The WSJ says means testing for Medicare might be on the menu. Medicare ALREADY means-tests, in the sense that wealthier recipients pay higher premiums. Apparently the plan may goose that.
This paragraph kind of encapsulates the whole problem:
The decision to exclude Social Security, and discussions inside the White House about what to propose on Medicare, come as Mr. Obama and his top aides are trying to keep attention on his plan to create jobs, the top concern in voter surveys.

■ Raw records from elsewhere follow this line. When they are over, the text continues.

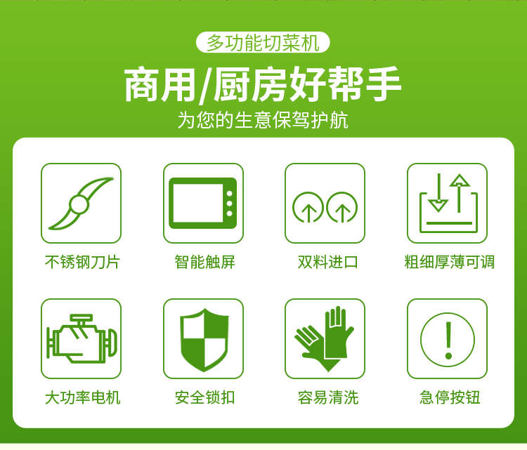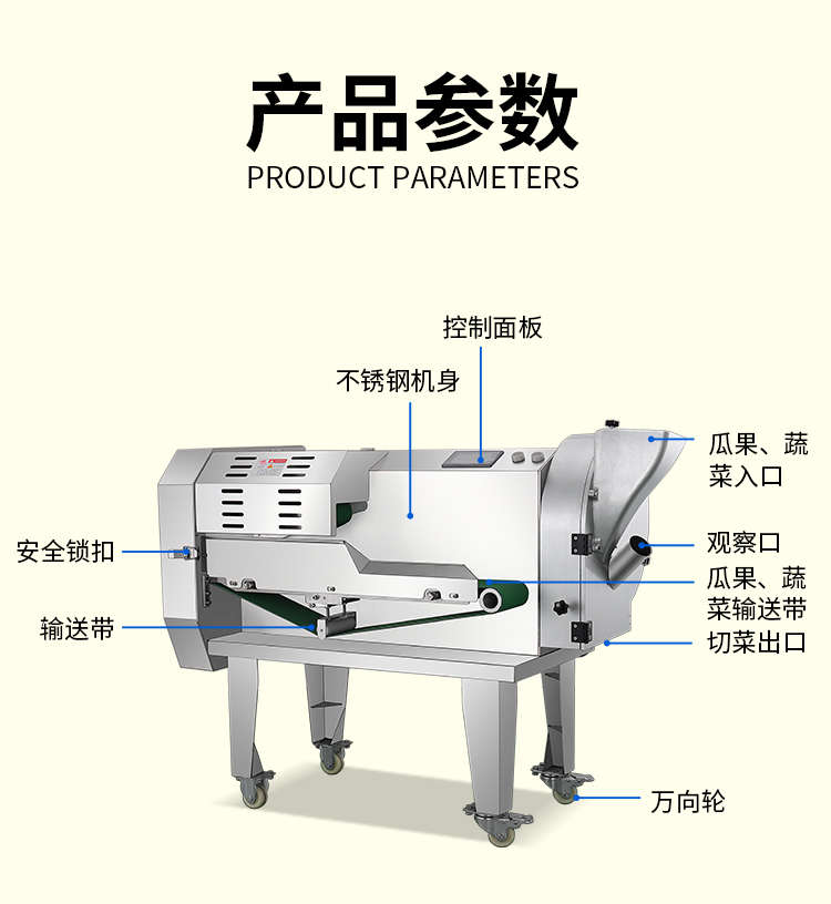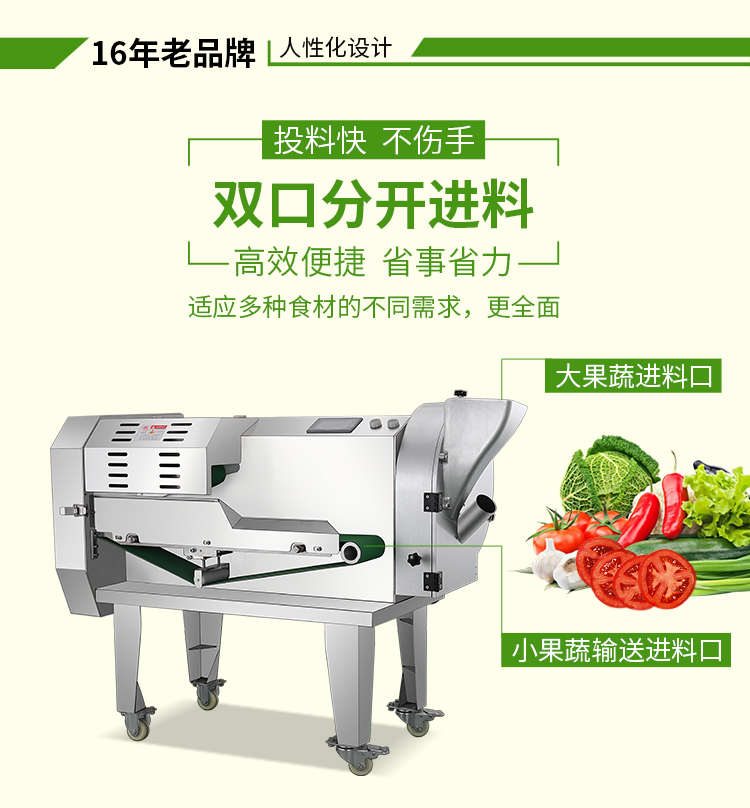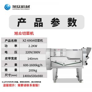 XZ-690A型多功能切菜機(jī),工作效率高,幫你省人工費。1小時可切600kg-1600kg/h,1臺機(jī)器等于多名廚師同時為您工作。一機(jī)多用,可切瓜果、蔬菜、藥材,刀片可進(jìn)行更換,設(shè)計周到,結(jié)構(gòu)合理,簡單輕松應(yīng)對。
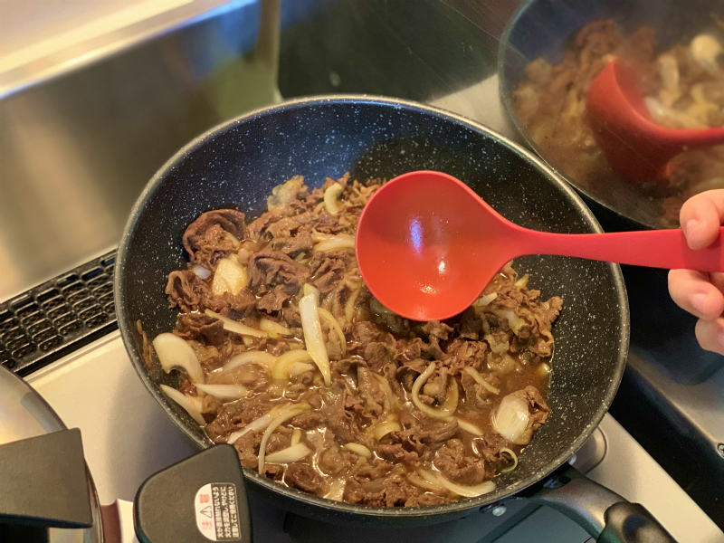 お肉はこま切れですでに小さくなっているのでまずは煮汁から作っていきます。
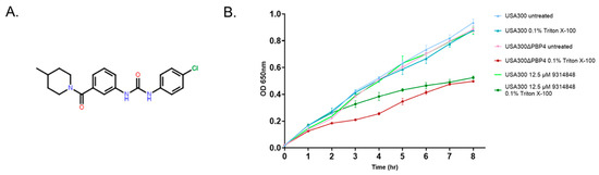 Characterization of highest priority putative S. aureus PBP4 inhibitor. Panel (A). Chemical structure of ChemBridge compound 9314848. Panel (B). Growth measures of S. aureus strains USA300, USA300∆pbp4, and 9314848 treated cells in the absence and presence of 0.1% of Triton-X100.
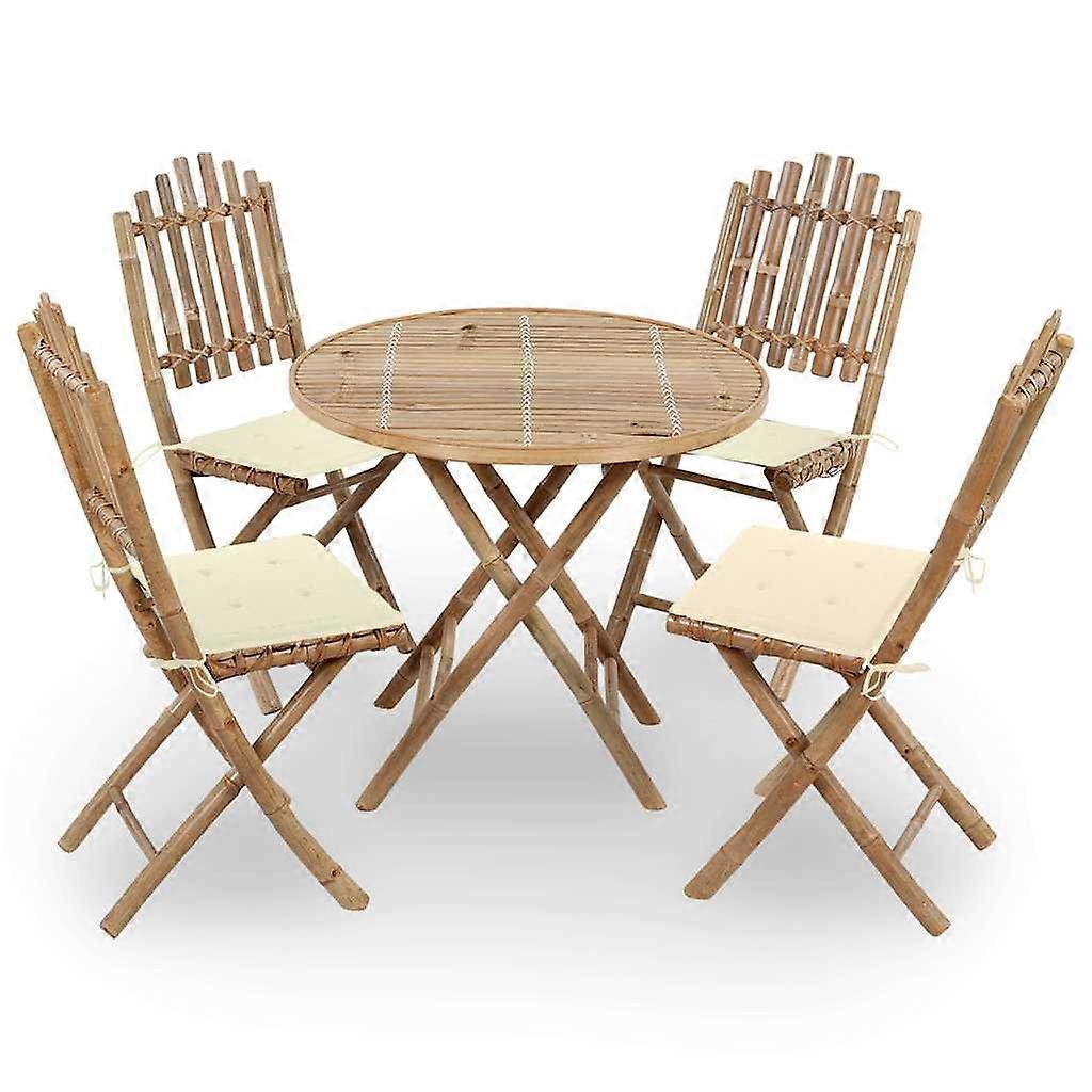 5-tlg. Garten-Essgruppe mit Kissen Klappbar Bambus

But next week, Mr. Obama will insert himself into the debate over long-term deficit reduction, a battle between the parties that damaged his standing this summer and is beginning anew. A new congressional supercommittee is looking for ways to cut deficits by at least $1.2 trillion over 10 years.
If the attempt here is to be the most reasonable guy in the room, all that did in July is crash the President’s approval ratings. All this does is drag us back to a deficit discussion, when the public has a clear preference for jobs, even after years of deficit fearmongering.
If we’re in a world where the only plan put forward by Democrats on Social Security is to raise the payroll tax cap (they’re using the “donut hole” formula where the cap is lifted only for those making over $250,000, meaning that income from $106,000 to $250,000 would still be untaxed), then that’s a good thing. But there has been serious damage from this debate, as Dave Weigel explains. An advantage has turned into a liability, at least in NY-09.
The party tried, and failed, to wound (Congressman-elect Bob) Turner by telling voters he’d provide one more Republican vote to weaken entitlements. That worked in New York’s 26th district, where Democrat Kathy Hochul tore pages out of the Ryan plan and made her Republican opponent eat them. In the 9th, Turner and his surrogates tried to neutralize the entitlement issue by promising not to cut entitlements. In two robocalls, Koch promised voters that Turner wouldn’t cut Medicare or Social Security. The weekend before the election, Hikind said the same thing, and bolstered his case by saying Democrats were risking the programs.
“The president of the United States is now a member of the Tea Party!” said Hikind. “He said, in his own words, that there won’t be Medicare and Social Security for my children and your children and my grandchildren unless we address Medicare!”
That’s not really a wedge issue – it’s the slow death of a wedge issue. It’s the start of a problem for Democrats, who have gone from attacking the Ryan plans for entitlement reform to vouching support for some undefined “everything on the table” entitlement reform. There might not be any way for Democrats to dodge this, and there’s no sign that they want to. And that leaves all of them in the position of Democrats in New York’s 9th. Their traditional base, weary of the recession, not sure what Democrats have to offer any more, are ready to be wedged.
A case in point: 30 Democratic and Republican Senators have a press conference today calling on the Super Committee to “go big” on deficit reduction. This Gang of 30 could come up with their own plan. If it includes cuts to the safety net, I’m sure you’ll hear the refrain “even President Obama believes…” The difference between the parties on this is gone in the minds of the public.